The method of the fourth aspect may also incorporate using or providing features and steps of the first, the second and the third aspect and various other features and steps as disclosed herein.

BRIEF DESCRIPTION OF THE DRAWINGS

The disclosure is described in further detail below by way of example and with reference to the accompanying drawings, in which:

FIG. 1 is a schematic diagram of a sensing system according to a first aspect of the present disclosure wherein the system comprises a gateway;

FIG. 2 is a schematic diagram of a sensing system according to some embodiments of the present disclosure;

FIG. 3 is a schematic diagram of a sensing system according to further embodiments of the present disclosure wherein the gateway comprises a synchronization module and a decoder module;

FIG. 4 is a flow chart illustrating an example method for initializing time stamping in the system of FIG. 3;

FIG. 5 is a schematic diagram illustrating a first part of an example method for determining the relative spatial distribution of a sub-group of sensors in the system of FIG. 3;

FIG. 6 is a schematic diagram illustrating a second part of the method of FIG. 5;

FIG. 7 is a schematic diagram illustrating how the gateway of FIG. 3 may estimate the source location of a significant event;

FIG. 8 is a schematic diagram illustrating an example scenario in which the gateway of FIG. 3 re-configures some of the sensors based on a time delay information of each sensor;

FIG. 9 is a flow chart illustrating a method 900 for implementing beamforming in the system of FIG. 3;

FIG. 10 is a schematic diagram illustrating an example application of some embodiments of the present disclosure;

FIG. 11 is a flow chart illustrating a sensing method according to a second aspect of the present disclosure;

FIG. 12 shows an embodiment wherein sensors located on a railway car are configured to detect acoustic waves;

FIG. 13 illustrates an internal side view of the embodiment of FIG. 12; and

FIG. 14 illustrates the modification of holographic acoustic wave reflection properties in order to achieve active noise cancellation at multiple locations inside the railway car of the embodiment in FIGS. 12 and 13.

DESCRIPTION

FIG. 1 is a schematic diagram of a sensing system 100 according to a first aspect of the present disclosure.

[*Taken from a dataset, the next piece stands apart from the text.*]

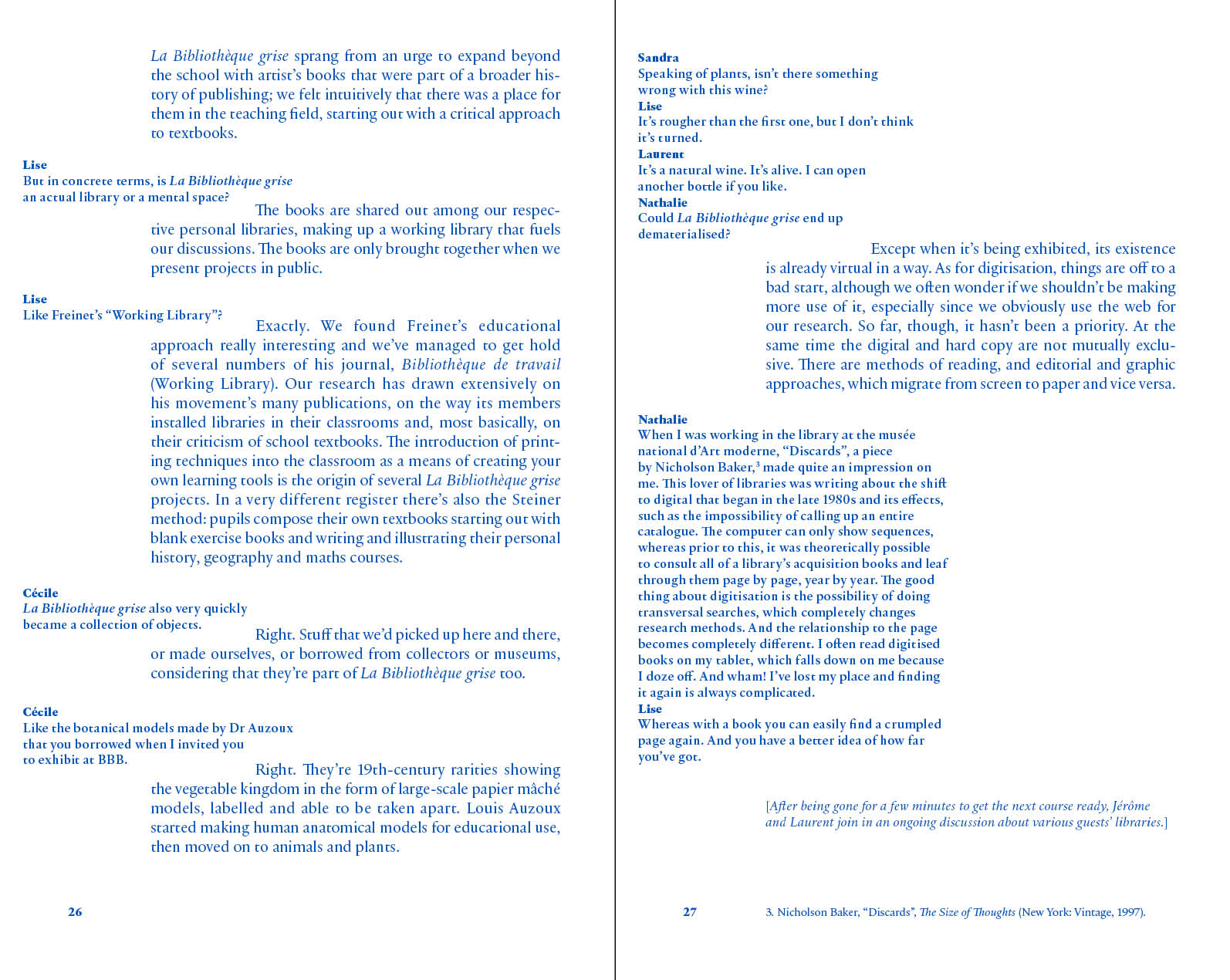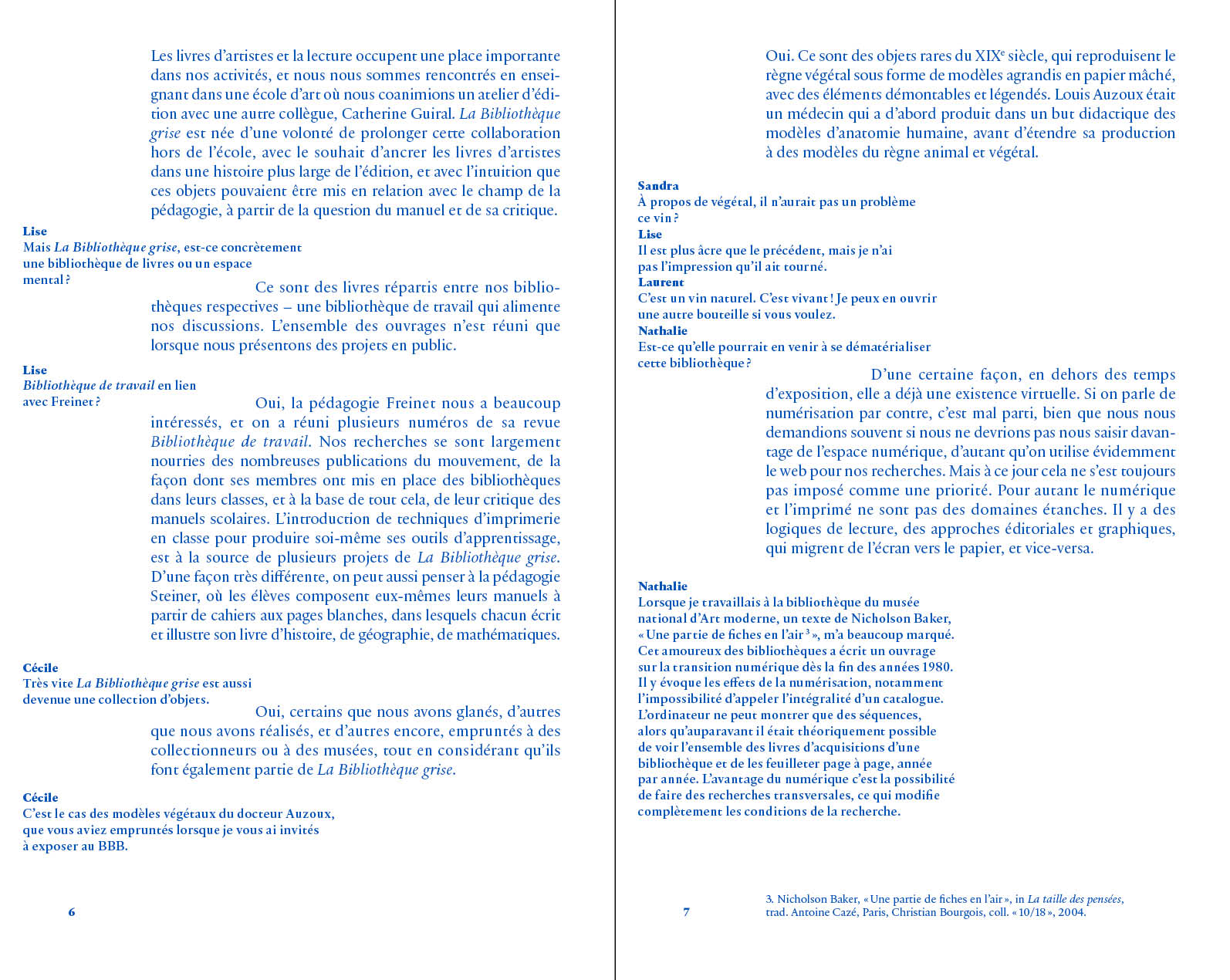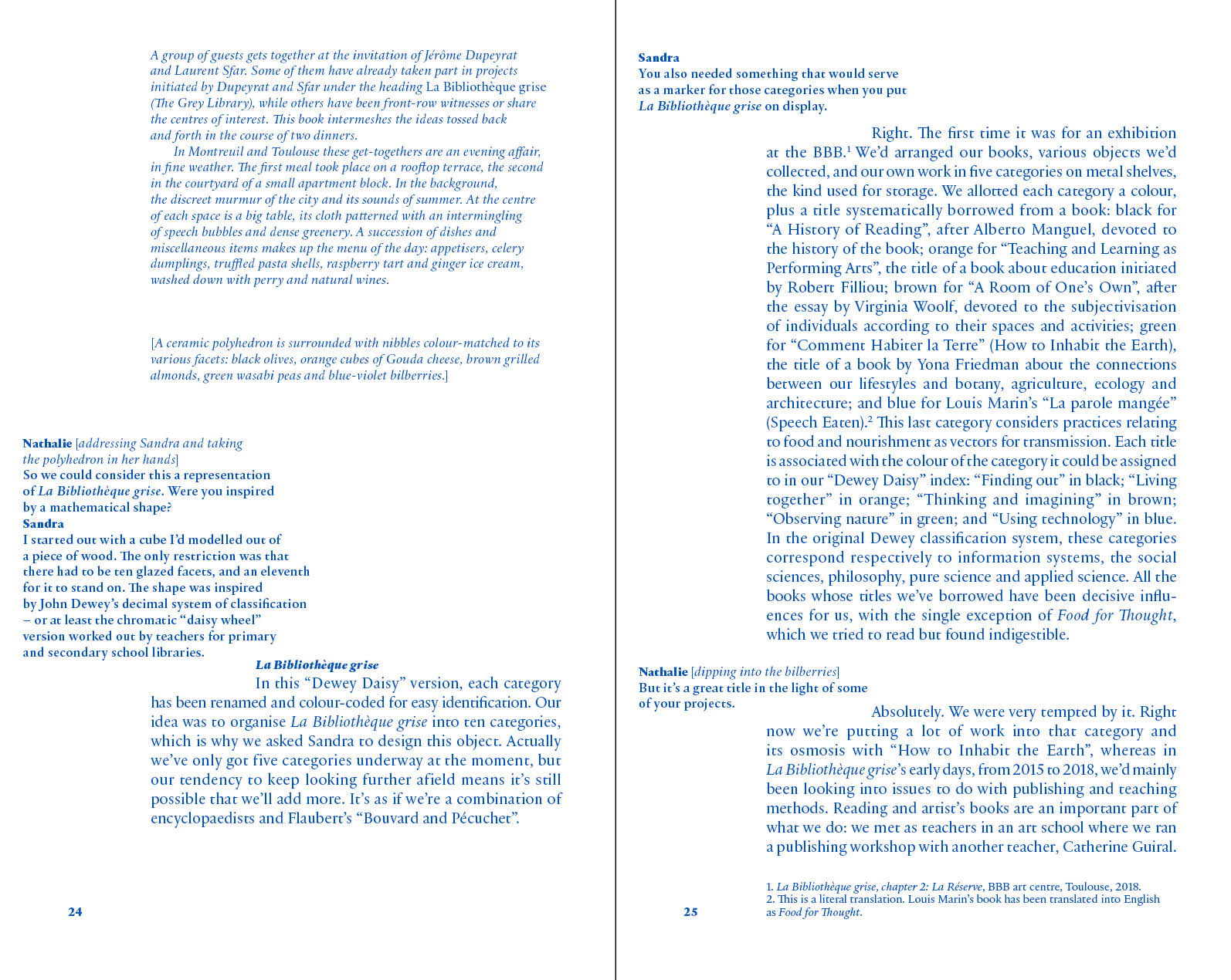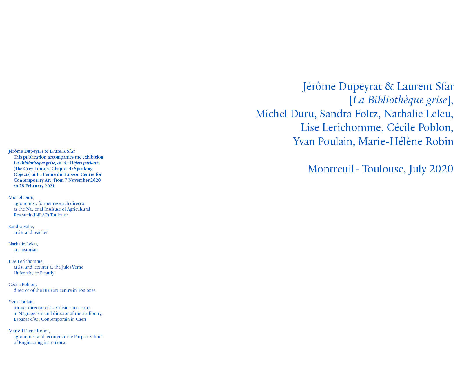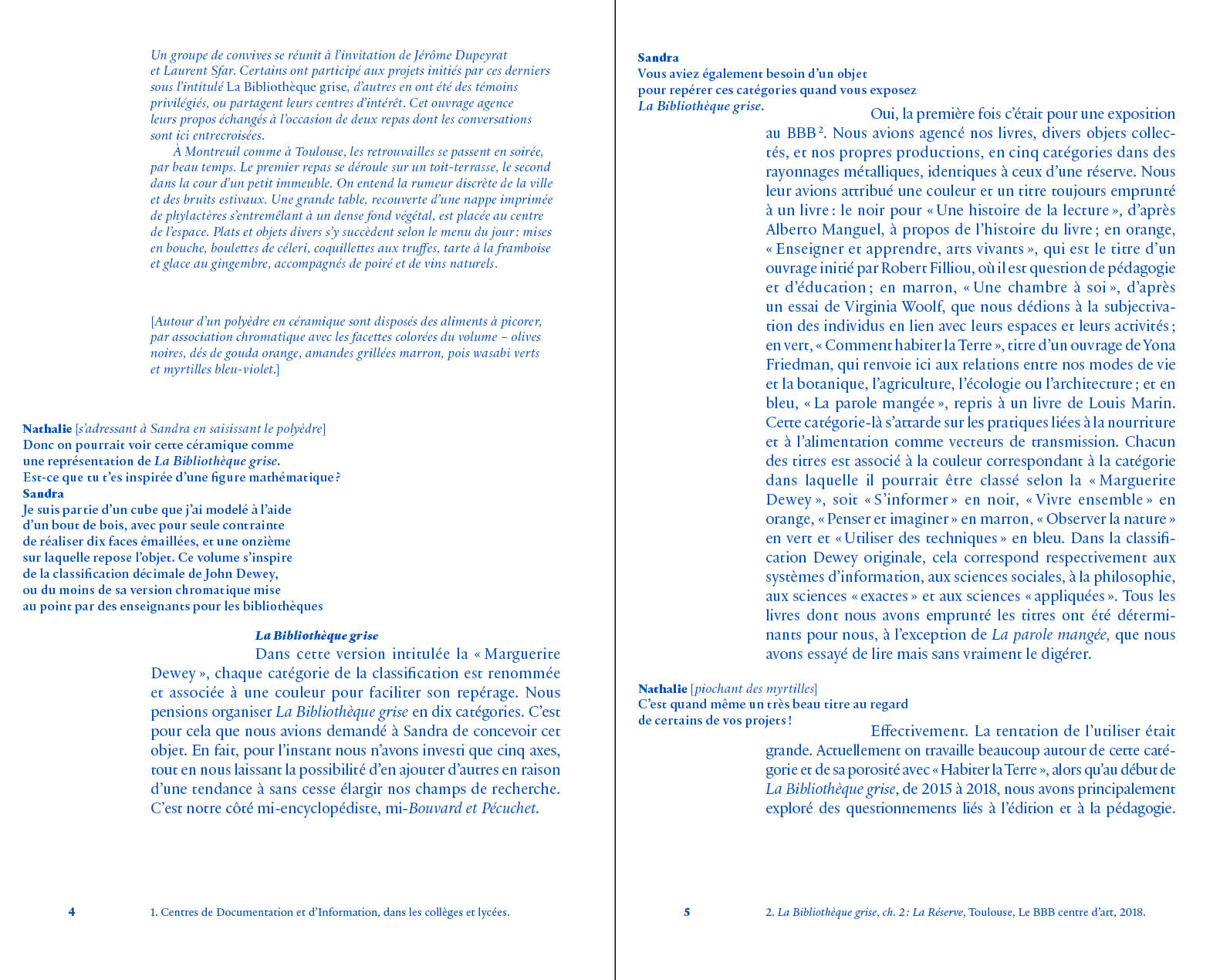 Pour l'exposition La Bibliothèque grise - ch. 4 « Objets parlants », la collection Digressions accueille un nouvel opus présentant l'exposition à travers la retranscription d'une conversation à plusieurs voix réunissant chercheurs·ses, critiques d'art, pédagogues, agronomes et artistes. Ces paroles ont été recueillies lors d'un repas organisé par Jérôme Dupeyrat et Laurent Sfar autour d'une nappe-édition retranscrivant une enquête présentée lors de l'exposition à La Ferme du Buisson. Les échanges portent sur les livres et la lecture, l'éducation et la pédagogie, l'alimentation et les pratiques culinaires, l'agriculture et l'écologie.

The sensing system 100 comprises a plurality of sensors 110_i (where i is an integer index), a gateway device 120 and a distributed decision engine (DDE) 130. The gateway device 120, hereinafter referred to also as gateway or router, is configured to exchange data with the sensors 110_i. The gateway 120 may be for example a radio-frequency gateway. The distributed decision engine 130 comprises one or more sensor portions 132_i provided at one or more of the sensors 110_i and a gateway portion 134 provided at the gateway device 120. Each of the sensors 110_i is configurable to operate in a plurality of different transmission modes wherein the sensor 110_i transmits primary sensor data and/or outputs of the sensor portion 132_i of the decision engine 130 provided at the sensor 110_i and the gateway 120 is arranged to selectively control the operation of the sensor 110_i and to configure the sensor transmission mode.

Primary sensor data refers herein to “observed” data, i.e. data collected by the sensors 110_i and which has not yet been interpreted or analyzed to extrapolate intelligent information. For example, primary sensor data may comprise raw sensor signals that have not undergone any kind of processing, although generally primary sensor data will at the very least be filtered and/or sampled signals. Primary sensor data may comprise sensor time-domain signals or frequency domain signals. Primary sensor data may further comprise signal attributes, such as frequency components, wavelet transform components, min/max values, derivative, integral, etc. The sensors 110_i may comprise a digital signal processing (DSP) block for carrying out some pre-processing and the primary sensor data may be the data provided by said DSP block. Hereinafter primary sensor data may sometimes also be referred to as “raw” sensor data.

The gateway device 120 may be configured to communicate and exchange data with the sensors 110_i via a wireless communication network, thereby providing a so-called wireless sensor network. For example the system 100 may be configured to work as a mesh network, in which the sensor 110_i connect directly, dynamically and non-hierarchically to as many other sensors as possible and cooperate with one another to efficiently route data from/to the gateway device 120. Alternatively, or in parallel, the sensing system 100 may also be configured such that the gateway device 120 connects directly to all sensors 1101 without having to rely on mesh network connectivity. It will be understood that the embodiments of the present disclosure are not limited to any specific network connectivity topology and that some embodiments may be configured so that they can work with either topology.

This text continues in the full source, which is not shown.